Why is the 'in' operator throwing an error with a string literal instead of logging false?

In a sense it is a matter of timing. String literals do not have any properties. The reason that you can call methods and lookup properties on primitive strings is because JavaScript automatically wraps the string primitive in a String object when a method call or property lookup is attempted. JavaScript does not interpret the in operator as a method call or property lookup so it does not wrap the primitive in an object and you get an error (because a string primitive is not an object).

See Distinction between string primitives and String objects

Also, the same docs referenced in your question specifically note that using in on a string primitive will throw an error.

You must specify an object on the right side of the in operator. For example, you can specify a string created with the String constructor, but you cannot specify a string literal.

It throws an error because in is an operator for objects:

prop in object

but when you declare a string as `` (` string(template) literals) or "" '' (",' string literals) you don't create an object.

Check

typeof new String("x") ("object")

and

typeof `x` ("string").

Those are two different things in JavaScript.
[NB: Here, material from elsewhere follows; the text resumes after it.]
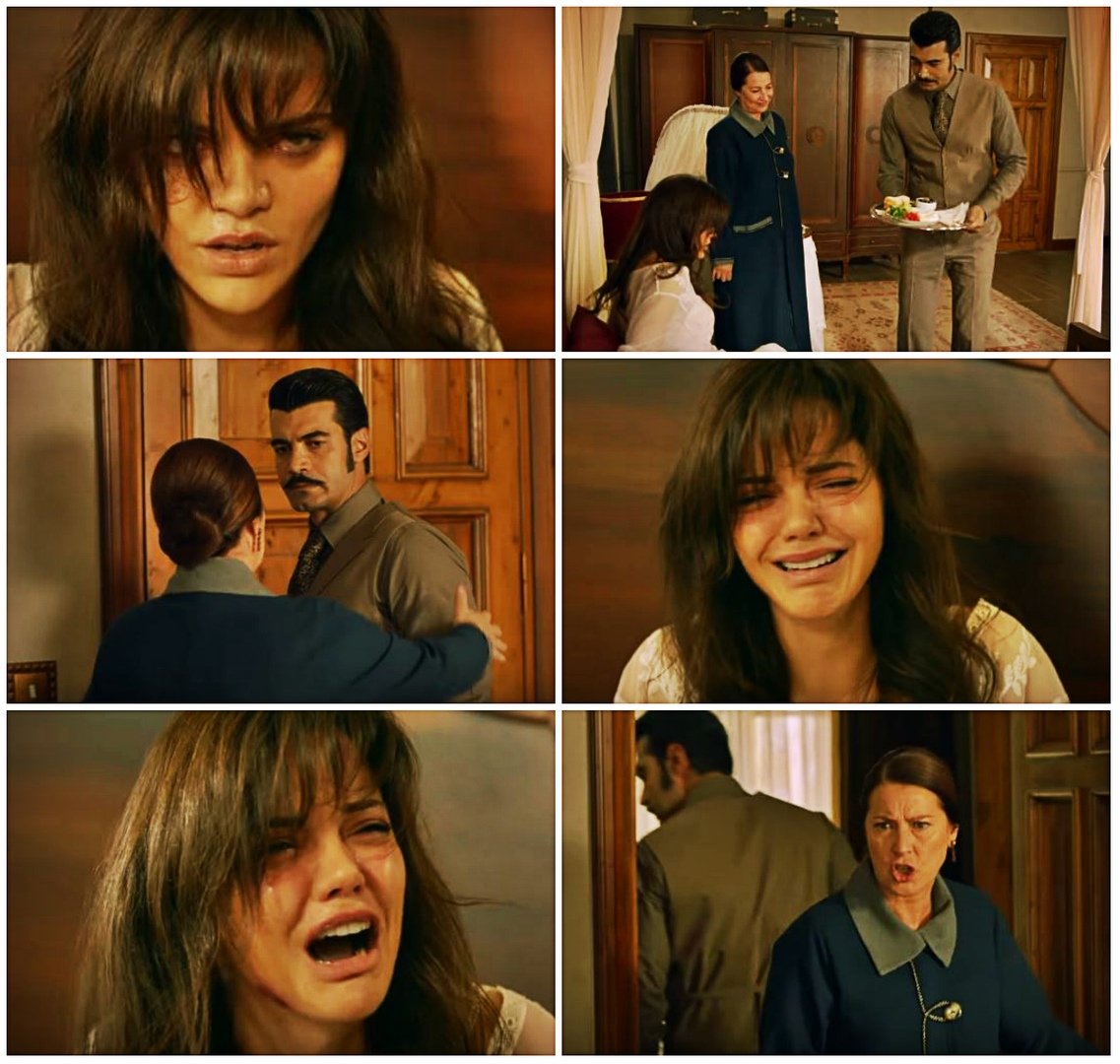 Героите размишляват. Зюлейха е видяла отворената врата и след като е прочела присъдата на Хюнкяр, мисля, че думите за жестокостта са към нея, е избягала с детето. Другото в четвъртък. Grinning

JavaScript operator in only applicable to an Objects instances.

When you using constructor new String('abc') this will causing creating of a String object instance.

In other side, when you using only string literals or call function String('abc') without new it creates an string primitive. (like Number and Boolen)
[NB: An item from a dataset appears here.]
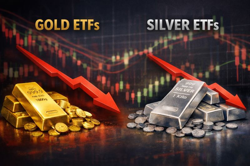 30 जनवरी को ट्रेडिंग के दौरान गोल्ड और सिल्वर एक्सचेंज ट्रेडेड फंड्स (ETFs) में भारी गिरावट देखने को मिली, क्योंकि रिकॉर्ड तेजी के बाद कीमती धातुओं की कीमतों में तेज करेक्शन आया।

Some behaviour of primitives and objects is differrent, look at this simple example's output:

console.log(typeof (new String('ddd'))) // "object"
console.log(typeof ('ddd')) // "string"
console.log(eval('1 + 2')) // 3
console.log(eval(new String('1 + 2'))) // {"0":"1","1":" ","2":"+","3":" ","4":"2"}

In code where you use methods on string primitives javascript engine automatically wraps primitives with corresponding objects to perform methods call.

But in it is not an method call, its language operator an in this case wrapping is not applied.

PS: Sorry for my english.